* _Task to complete_: In the records below, repeat exactly the lines between the line holding "AHHFSMEI Round Braided" and the line holding "④ 年間平均5,000pips超えの実績が示す技術の結晶", inclusive, and drop the pictures.

* _Dataset records_:
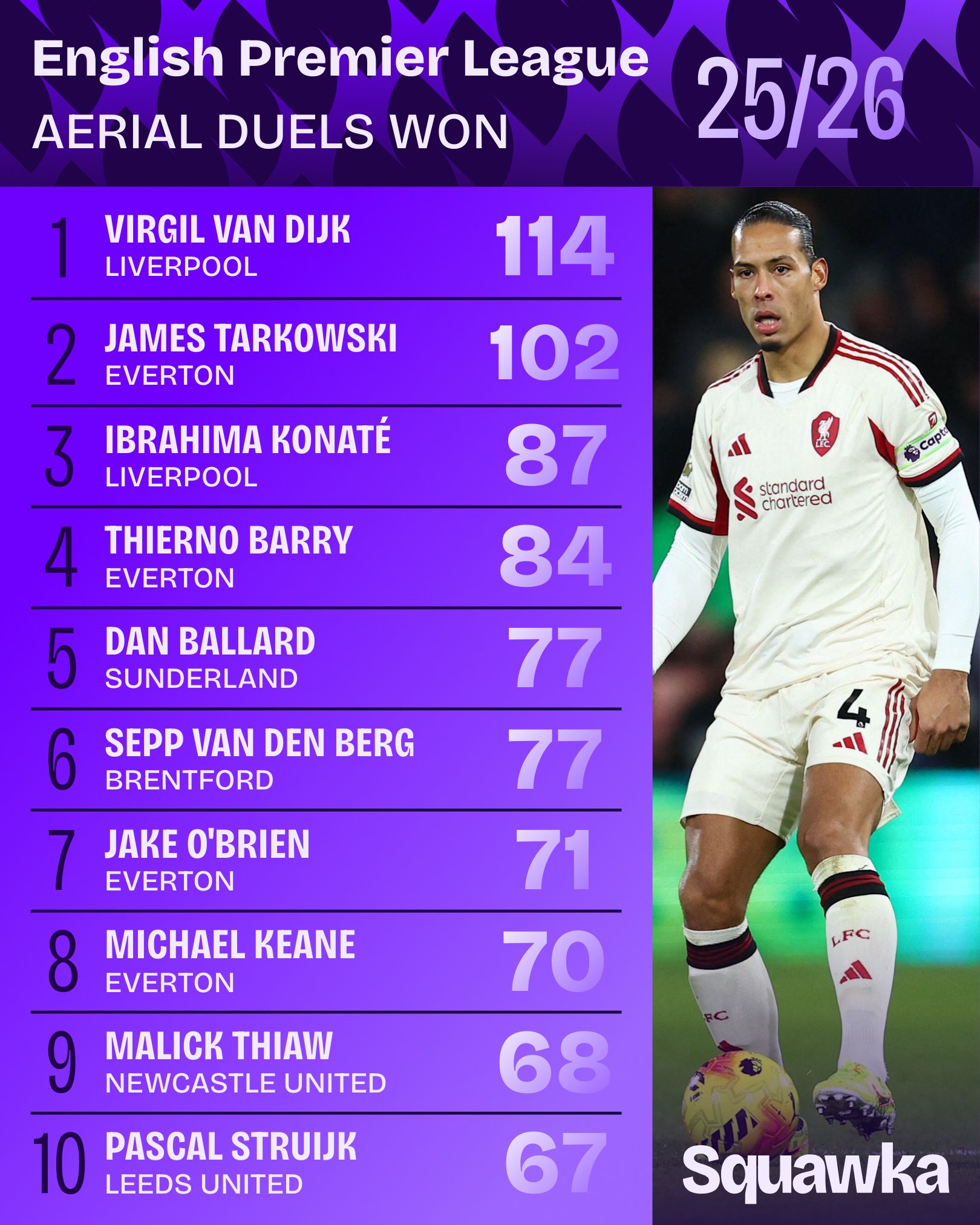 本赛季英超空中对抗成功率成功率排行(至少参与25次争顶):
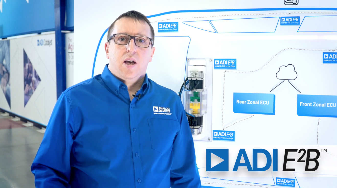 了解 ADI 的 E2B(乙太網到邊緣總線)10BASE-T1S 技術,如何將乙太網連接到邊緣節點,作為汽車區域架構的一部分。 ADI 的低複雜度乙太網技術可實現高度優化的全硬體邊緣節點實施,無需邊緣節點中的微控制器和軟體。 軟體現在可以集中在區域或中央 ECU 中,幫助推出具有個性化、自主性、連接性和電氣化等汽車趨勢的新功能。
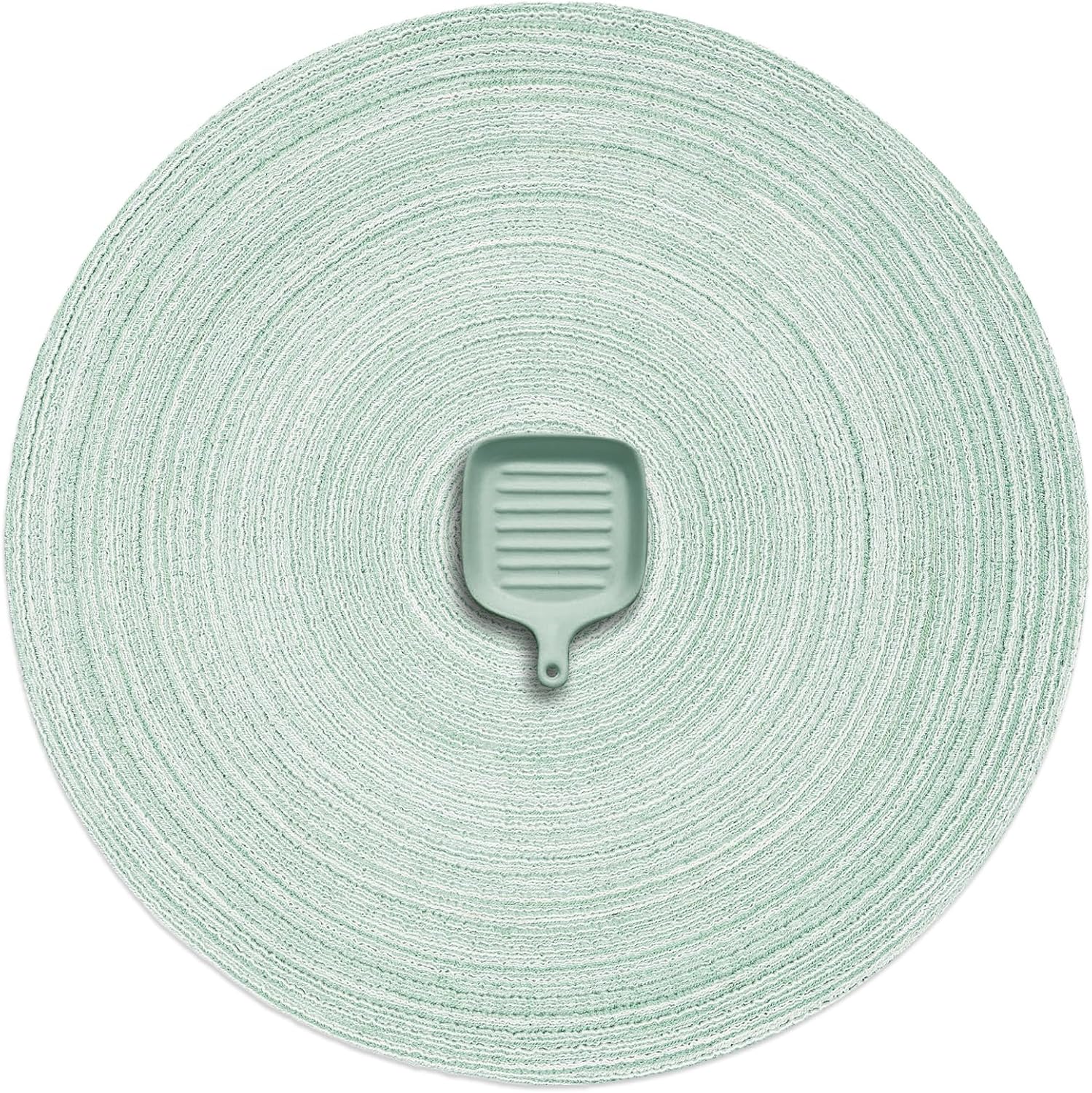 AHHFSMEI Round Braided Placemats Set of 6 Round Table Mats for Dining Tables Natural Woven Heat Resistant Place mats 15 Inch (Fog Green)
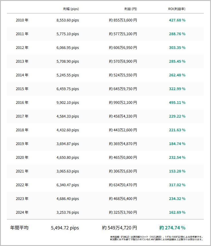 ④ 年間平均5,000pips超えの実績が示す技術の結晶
* * *
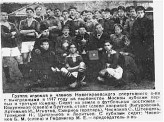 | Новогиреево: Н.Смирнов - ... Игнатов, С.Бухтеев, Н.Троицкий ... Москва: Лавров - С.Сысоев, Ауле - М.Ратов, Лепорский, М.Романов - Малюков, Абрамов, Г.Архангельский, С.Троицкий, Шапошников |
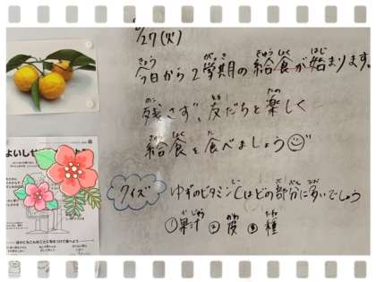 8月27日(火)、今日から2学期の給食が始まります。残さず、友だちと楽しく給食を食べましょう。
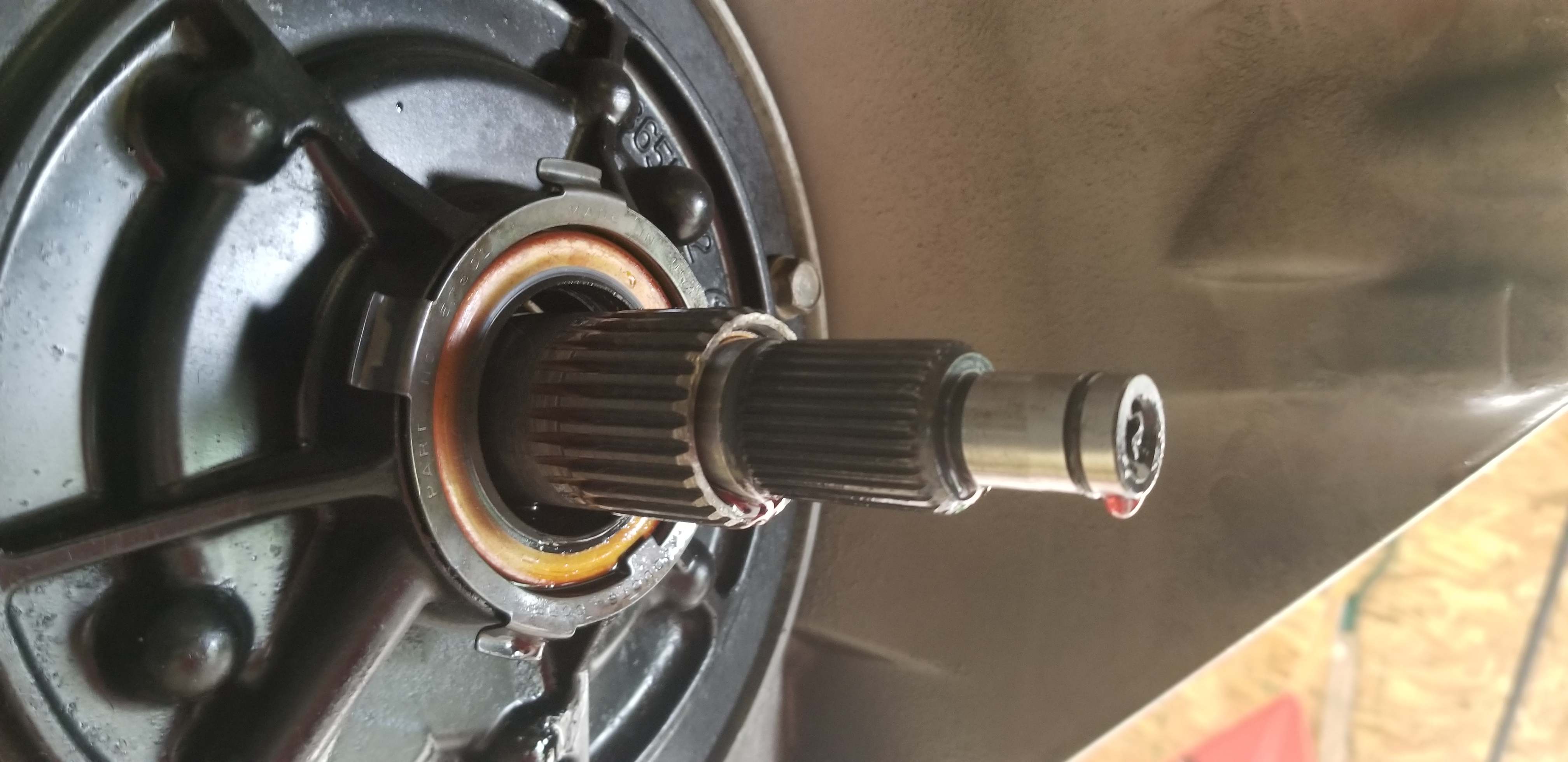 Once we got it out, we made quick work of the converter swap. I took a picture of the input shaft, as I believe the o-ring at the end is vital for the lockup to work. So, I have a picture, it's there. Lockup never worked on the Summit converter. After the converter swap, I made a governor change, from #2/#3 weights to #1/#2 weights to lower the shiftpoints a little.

* _Reply_:
 AHHFSMEI Round Braided Placemats Set of 6 Round Table Mats for Dining Tables Natural Woven Heat Resistant Place mats 15 Inch (Fog Green)
 ④ 年間平均5,000pips超えの実績が示す技術の結晶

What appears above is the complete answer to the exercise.